Let’s say you want to find out if a pedagogical intervention boosts learners’ conversational skills in L2 French. You’ve learnt that including a well-chosen control variable in your analysis can work wonders in terms of statistical power and precision, so you decide to administer a French vocabulary test to your participants in order to include their score on this test in your analyses as a covariate. But if you administer the vocabulary test after the intervention, it’s possible that the vocabulary scores are themselves affected by the intervention as well. If this is indeed the case, you may end up doing more harm than good. In this blog post, I will take a closer look at four general cases where controlling for such a ‘post-treatment’ variable is harmful, and one case where it improves matters.

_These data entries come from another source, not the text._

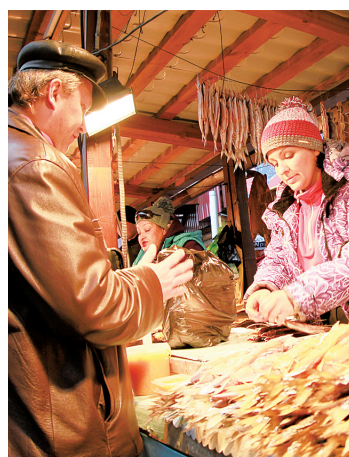
贝加尔湖畔的鱼市。
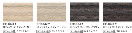
EH4831* QFシュタイン チタン アイボリー マンセル値 0.5Y 6.7/2.1 EH4832* QFシュタイン チタン ベージュ マンセル値 1.5Y 6.5/1.6 EH4833* QFシュタイン チタン ブラウン マンセル値 9YR 3.4/0.5 EH4834* QFシュタイン チタン ダークレッド マンセル値 8R 3/0.5
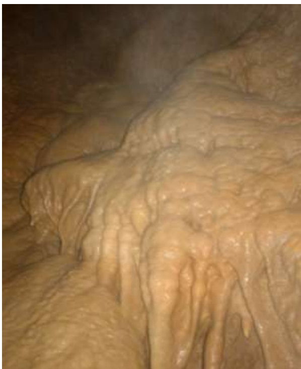
7. ábra: Cseppkőzuhatag a hasadék déli falán.

A most feltárt új járatrész őszhosszúsága már jelenleg is meghaladja a 100 métert.
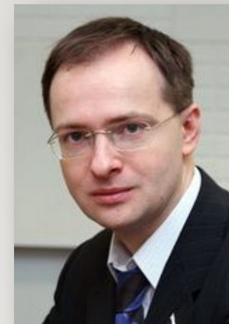
Мединский В.Р. Министр культуры
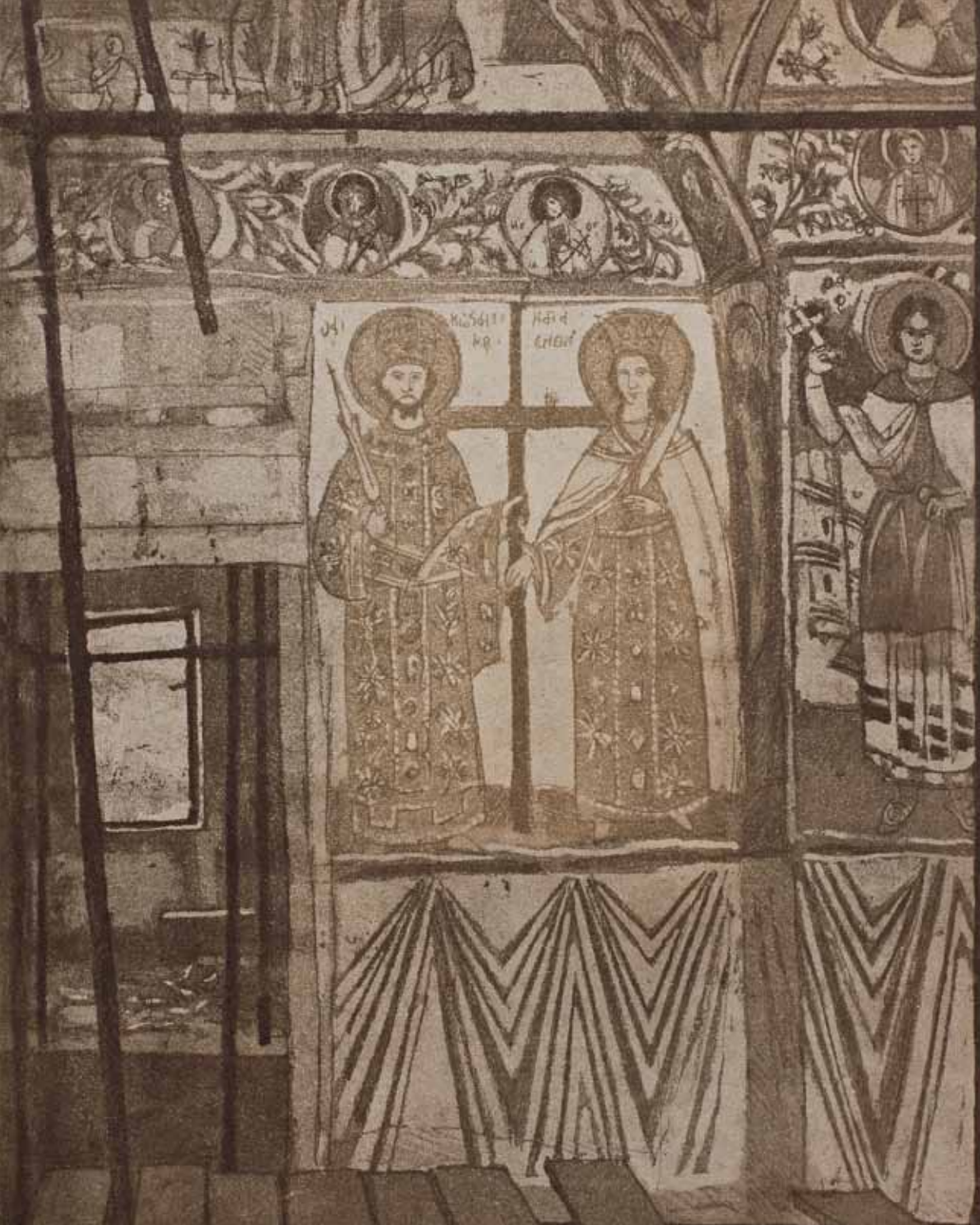
Хиландар – Параклис Светог Димитрија

In the following, x and y refer to the independent and dependent variable of interest, respectively, i.e., x would correspond to the intervention and y to the L2 French conversational skills in our example. z refers to the post-treatment variable, i.e., the French vocabulary scores in our example. x is a binary variable, y and z are continuous. Since z is a post-treatment variable, it’s possible that it is itself influenced directly or indirectly by x. In the first four cases examined below, this is indeed the case.

I’ve included all R code as I think running simulations like the ones below are a useful way to learn research design and statistics. If you’re just interested in the upshot, just ignore the code snippets :)

## Case 1: x affects both y and z; y and z don’t affect each other.

In the first case, x affects both y and z, but z and y don’t influence each other.

Figure 1.1. The causal links between x, y and z in Case 1.

In this case, controlling for z doesn’t bias the estimate for the causal influence of x on y. It does, however, reduce the precision of these estimates. To appreciate this, let’s simulate some data. The function case1() defined in the next code snippet generates a dataset corresponding to Case 1. The parameter beta_xy specifies the coefficient of the influence of x on y; the goal of the analysis is to estimate the value of this parameter from the data. The parameter beta_xz similarly specifies the coefficient of the influence of x on z. Estimating the latter coefficient isn’t a goal of the analysis, since z is merely a control variable.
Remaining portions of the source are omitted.